- _Task input_:
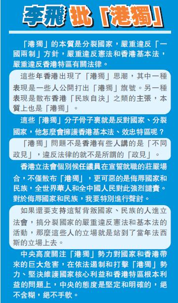 李飛表示,這些年香港出現了「港獨」思潮,其中一種表現是一些人公開打出「港獨」旗號。6日晚在香港也發生了一件事,也有人公開打出「港獨」旗號,公然煽動「香港獨立」、「香港建國」。另一種表現是散布香港「民族自決」之類的主張,本質上也是「港獨」。這些人罔顧「香港屬於中國」的歷史事實和現實法律地位,公然挑戰憲法和香港基本法,直接危害國家統一、國家主權和領土完整。這些違法行為的直接後果就是衝擊香港法治,破壞香港社會秩序,阻礙經濟民生發展,擾亂居民正常生活,甚至用暴力手段製造流血衝突,損毀香港的營商環境和國際聲譽。
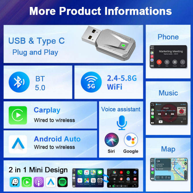 Nouvel adaptateur sans fil CarPlay Android Auto intelligent 2 en 1 pour Peugeot 208 308 408 508 2008 3008 4008 5008
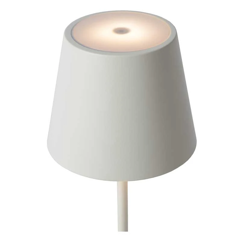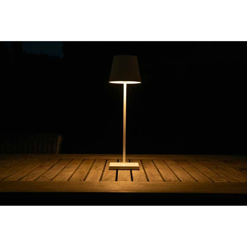 - Outdoor LED aluminium table lamp in a white finish with polycarbonate diffuser. Operate using on/off switch and 3-step touch dimmer switch
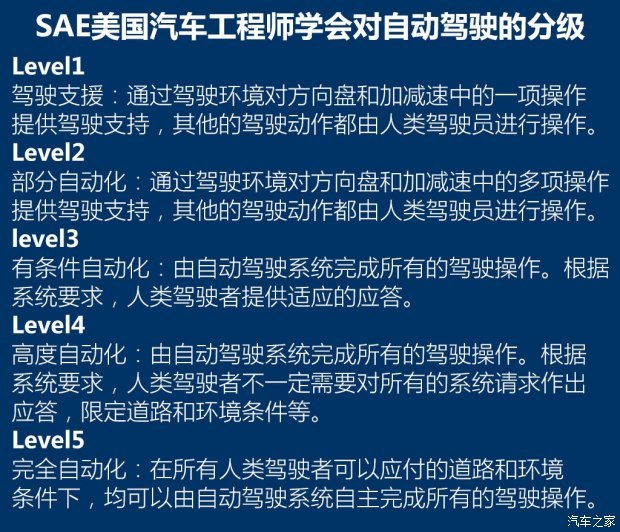 根據(jù)SAE美國汽車工程師學(xué)會對自動駕駛的分級,自動駕駛系統(tǒng)能否完成所有的駕駛操作(如變道、超車、駛離高速或靠邊停車等)是Level3系統(tǒng)和Level2系統(tǒng)的最大差別。為了實(shí)現(xiàn)Level3系統(tǒng)的功能,奧迪A8需要更多的傳感器來監(jiān)控路況環(huán)境來提升系統(tǒng)的可靠性,同時(shí)也需要復(fù)雜的控制策略來應(yīng)對突發(fā)情況(前車突然緊急制動、加塞、行人突然沖出馬路)以避免交通事故。
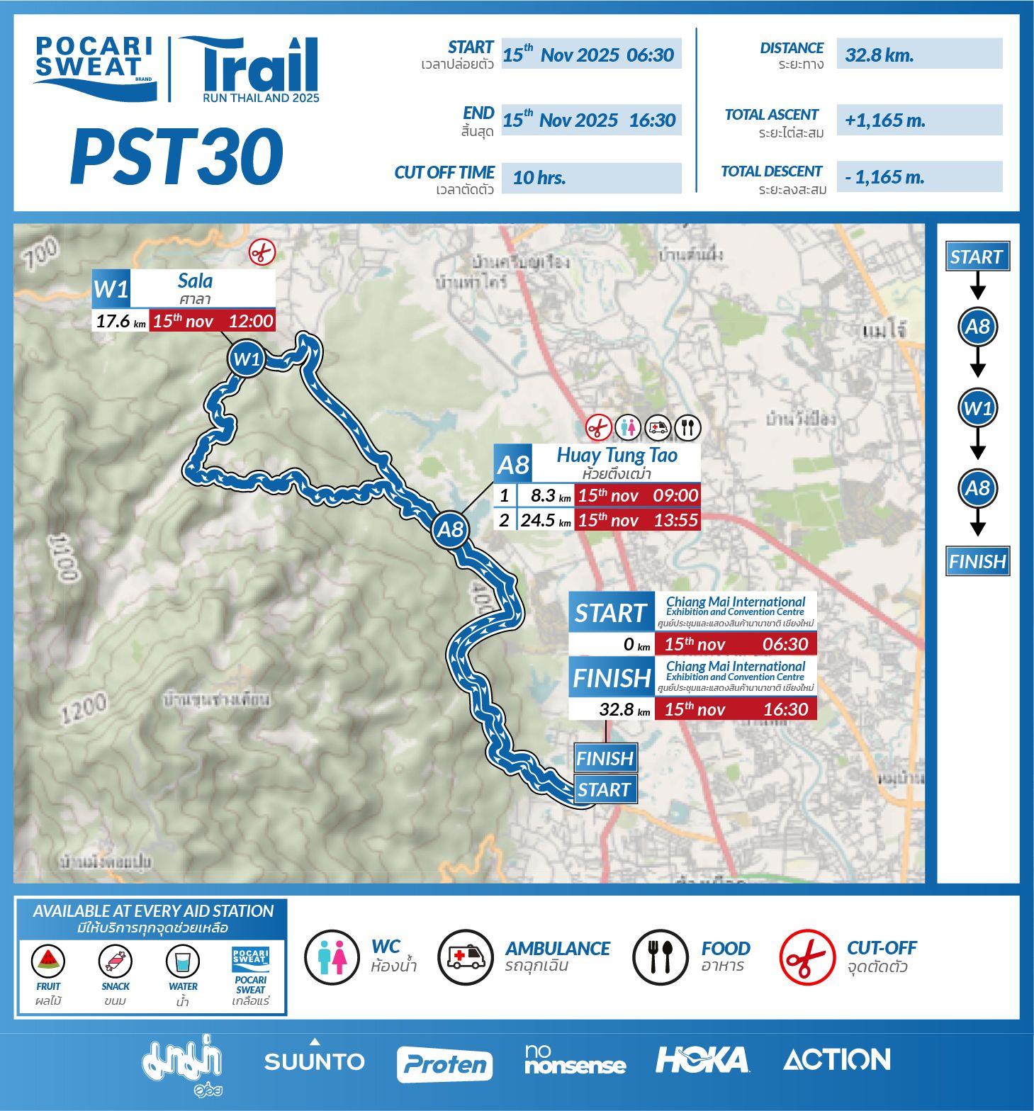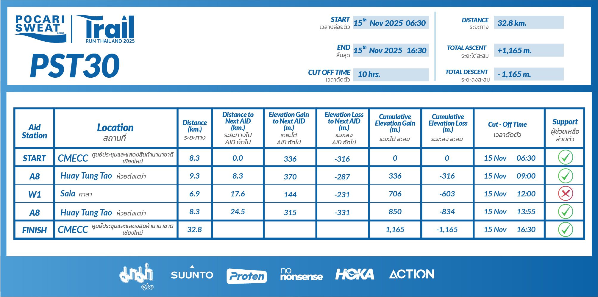 ผมเป็นคนสุดท้ายของรูทละครับ ระหว่างทางผมวิ่งอยู่คนเดียวในป่า ในใจคิดไปหลายเรื่องเลย กลัวไม่ทันคัท-ออฟ กลัวเจอสัตว์ป่า กลัวเจอคน เจอผี ทั้ง ๆ ที่มันเป็นตอนกลางวัน พอวิ่งผ่านลำธารเส้นนึง ผมล้างหน้าแล้วออกเดินต่อ ตอนนั้นผมไม่ได้คิดอะไรแล้ว รู้สึกตัวเองมีสมาธิมาก ๆ วิ่งสลับกับเดินไปเรื่อย ๆ ทันหรือไม่ทันเวลา ก็ขอทำให้ดีที่สุด ผมไปถึงจุดเช็คพอยท์ (A8) ก่อนเวลา 15 นาที เจอเพื่อนนักวิ่งเต็มเลย ผมกินข้าว เป็นมื้อที่อร่อยมากเลยครับ น่าจะหิวด้วย กินทุกอย่างที่เค้าจัดมาให้ แปบเดียวก็วิ่งกันต่อ ผมเหมือนว่าอาการปวดเข่า ปวดข้อเท้ามันจะหายละ หรือว่าคิดไปเอง
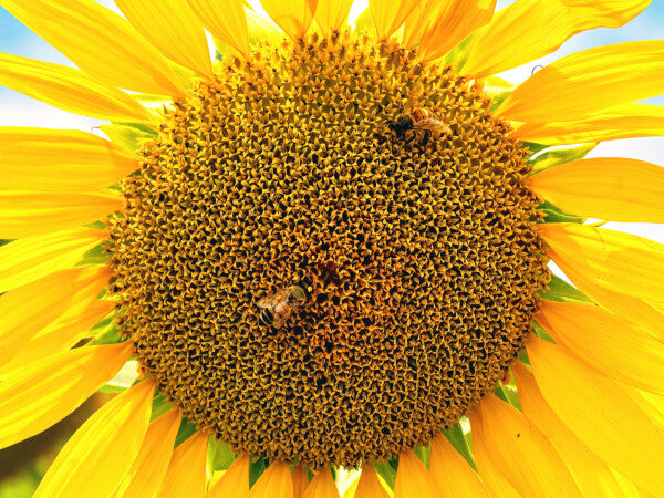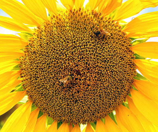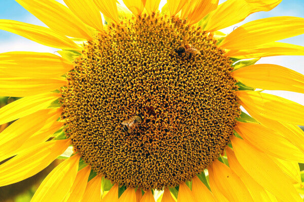 I was driving around the Tuscan countryside, south of Florence, Italy, and I came across a seemingly endless field of Sunflowers. After shooting from up on the hill, I decided to change my viewpoint to up close and personal. The bees were buzzing all around me and near macro perspective of a single sunflower became a choice shot of bees at work.
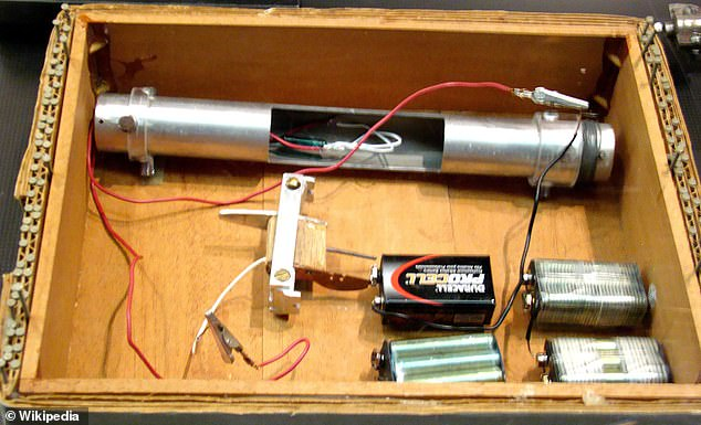 (卡钦斯基在美国各地邮寄爆炸物造成3人死亡,23人受伤。图为FBI展出的卡钦斯基一枚炸弹的复制品。)
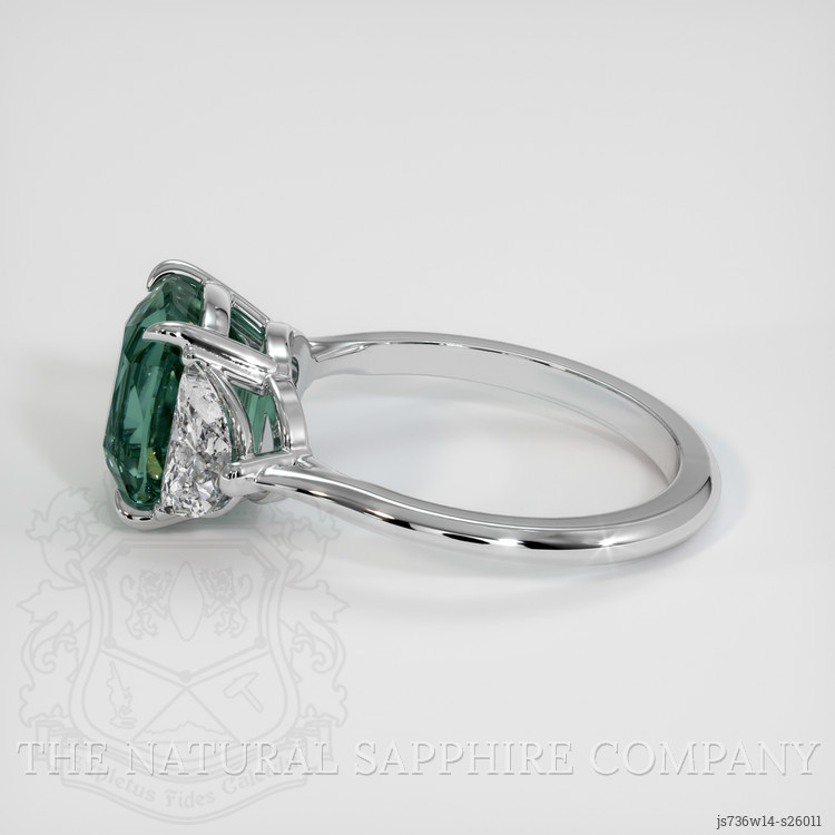 Three Stone Bluish Green Sapphire Ring 3.10 Ct., 14K White Gold
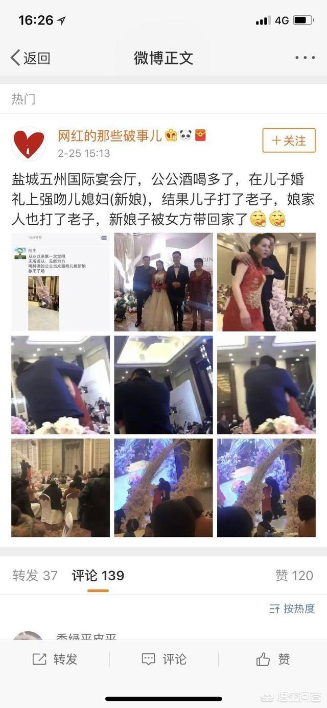 这个是真的发生在盐城,当事人已经开直播解释了整个事件,说gg当时只是亲了新娘的脸颊,娘家人也没有带走新娘,儿子也没有打老子。不知道这是他们当地的习俗还是GG就是借着酒劲占便宜。从这件事可以看出这个GG也不是什么好人,老实本分的人干不出来。听说这个新娘是老师以后怎么去面对学生,为人师表。结婚本来就是很高兴的事情,过度的闹喜就伤风败俗了。
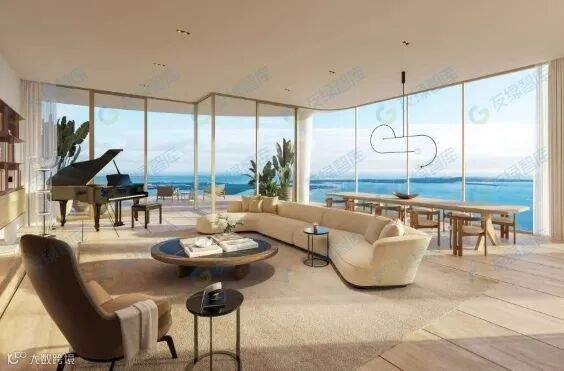 大楼的内部设计同样令人惊艳。建筑的底部主要包含大堂和便利设施,空间布局合理,装修精致,为居民提供了舒适便捷的公共空间。从10层到65层则是住宅单元,每个单元都经过精心设计,空间利用率高,采光充足,能够充分满足居民的居住需求。塔楼的顶部专门用于设置额外的设施和屋顶观景台,居民可以在这里欣赏到迈阿密壮丽的城市天际线和海湾美景,享受高品质的生活体验。
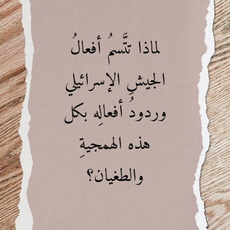 لماذا تتَّسمُ أفعالُ الجيشِ الإسرائيلي وردودُ أفعالِه بكل هذه الهمجيةِ والطغيان؟
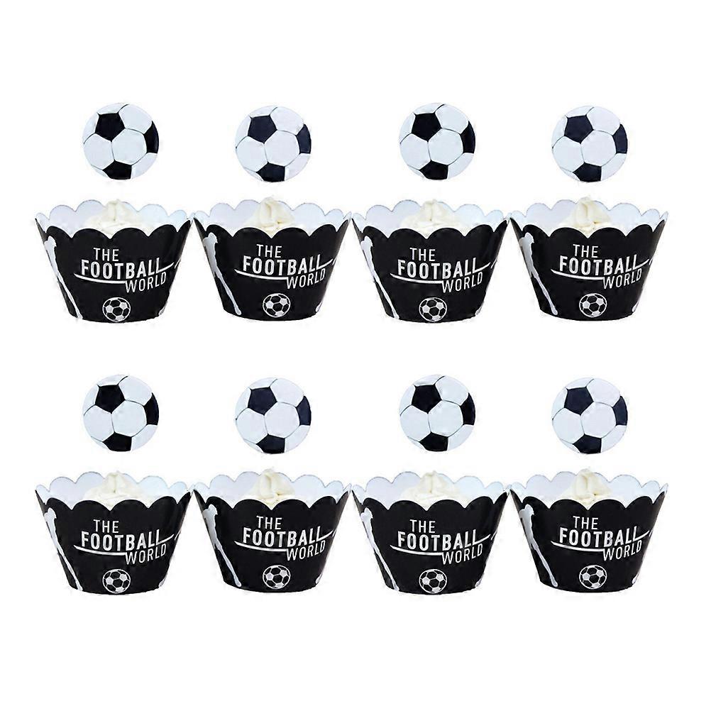 Soccer Birthday Cupcake Topper Football Party Cake Toppers Wrappers Set Garden Party Coated Paper Cake Decoration 48Set
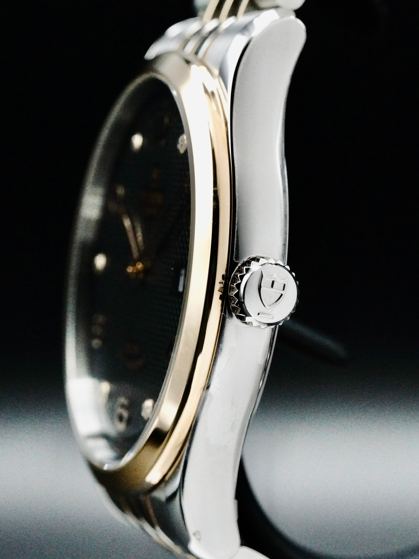 This Tudor 1926 features a 41mm stainless steel case with a rose gold bezel on a stainless steel & rose gold bracelet. This watch also sports a black dial with rose gold hands and Arabic numeral/diamond dial markers covered by sapphire crystal.

- _Your goal_: Please repeat the records above exactly, omitting any pictures they contain.

- _Result_:
 李飛表示,這些年香港出現了「港獨」思潮,其中一種表現是一些人公開打出「港獨」旗號。6日晚在香港也發生了一件事,也有人公開打出「港獨」旗號,公然煽動「香港獨立」、「香港建國」。另一種表現是散布香港「民族自決」之類的主張,本質上也是「港獨」。這些人罔顧「香港屬於中國」的歷史事實和現實法律地位,公然挑戰憲法和香港基本法,直接危害國家統一、國家主權和領土完整。這些違法行為的直接後果就是衝擊香港法治,破壞香港社會秩序,阻礙經濟民生發展,擾亂居民正常生活,甚至用暴力手段製造流血衝突,損毀香港的營商環境和國際聲譽。
 Nouvel adaptateur sans fil CarPlay Android Auto intelligent 2 en 1 pour Peugeot 208 308 408 508 2008 3008 4008 5008
 - Outdoor LED aluminium table lamp in a white finish with polycarbonate diffuser. Operate using on/off switch and 3-step touch dimmer switch
 根據(jù)SAE美國汽車工程師學(xué)會對自動駕駛的分級,自動駕駛系統(tǒng)能否完成所有的駕駛操作(如變道、超車、駛離高速或靠邊停車等)是Level3系統(tǒng)和Level2系統(tǒng)的最大差別。為了實(shí)現(xiàn)Level3系統(tǒng)的功能,奧迪A8需要更多的傳感器來監(jiān)控路況環(huán)境來提升系統(tǒng)的可靠性,同時(shí)也需要復(fù)雜的控制策略來應(yīng)對突發(fā)情況(前車突然緊急制動、加塞、行人突然沖出馬路)以避免交通事故。
 ผมเป็นคนสุดท้ายของรูทละครับ ระหว่างทางผมวิ่งอยู่คนเดียวในป่า ในใจคิดไปหลายเรื่องเลย กลัวไม่ทันคัท-ออฟ กลัวเจอสัตว์ป่า กลัวเจอคน เจอผี ทั้ง ๆ ที่มันเป็นตอนกลางวัน พอวิ่งผ่านลำธารเส้นนึง ผมล้างหน้าแล้วออกเดินต่อ ตอนนั้นผมไม่ได้คิดอะไรแล้ว รู้สึกตัวเองมีสมาธิมาก ๆ วิ่งสลับกับเดินไปเรื่อย ๆ ทันหรือไม่ทันเวลา ก็ขอทำให้ดีที่สุด ผมไปถึงจุดเช็คพอยท์ (A8) ก่อนเวลา 15 นาที เจอเพื่อนนักวิ่งเต็มเลย ผมกินข้าว เป็นมื้อที่อร่อยมากเลยครับ น่าจะหิวด้วย กินทุกอย่างที่เค้าจัดมาให้ แปบเดียวก็วิ่งกันต่อ ผมเหมือนว่าอาการปวดเข่า ปวดข้อเท้ามันจะหายละ หรือว่าคิดไปเอง
 I was driving around the Tuscan countryside, south of Florence, Italy, and I came across a seemingly endless field of Sunflowers. After shooting from up on the hill, I decided to change my viewpoint to up close and personal. The bees were buzzing all around me and near macro perspective of a single sunflower became a choice shot of bees at work.
 (卡钦斯基在美国各地邮寄爆炸物造成3人死亡,23人受伤。图为FBI展出的卡钦斯基一枚炸弹的复制品。)
 Three Stone Bluish Green Sapphire Ring 3.10 Ct., 14K White Gold
 这个是真的发生在盐城,当事人已经开直播解释了整个事件,说gg当时只是亲了新娘的脸颊,娘家人也没有带走新娘,儿子也没有打老子。不知道这是他们当地的习俗还是GG就是借着酒劲占便宜。从这件事可以看出这个GG也不是什么好人,老实本分的人干不出来。听说这个新娘是老师以后怎么去面对学生,为人师表。结婚本来就是很高兴的事情,过度的闹喜就伤风败俗了。
 大楼的内部设计同样令人惊艳。建筑的底部主要包含大堂和便利设施,空间布局合理,装修精致,为居民提供了舒适便捷的公共空间。从10层到65层则是住宅单元,每个单元都经过精心设计,空间利用率高,采光充足,能够充分满足居民的居住需求。塔楼的顶部专门用于设置额外的设施和屋顶观景台,居民可以在这里欣赏到迈阿密壮丽的城市天际线和海湾美景,享受高品质的生活体验。
 لماذا تتَّسمُ أفعالُ الجيشِ الإسرائيلي وردودُ أفعالِه بكل هذه الهمجيةِ والطغيان؟
 Soccer Birthday Cupcake Topper Football Party Cake Toppers Wrappers Set Garden Party Coated Paper Cake Decoration 48Set
 This Tudor 1926 features a 41mm stainless steel case with a rose gold bezel on a stainless steel & rose gold bracelet. This watch also sports a black dial with rose gold hands and Arabic numeral/diamond dial markers covered by sapphire crystal.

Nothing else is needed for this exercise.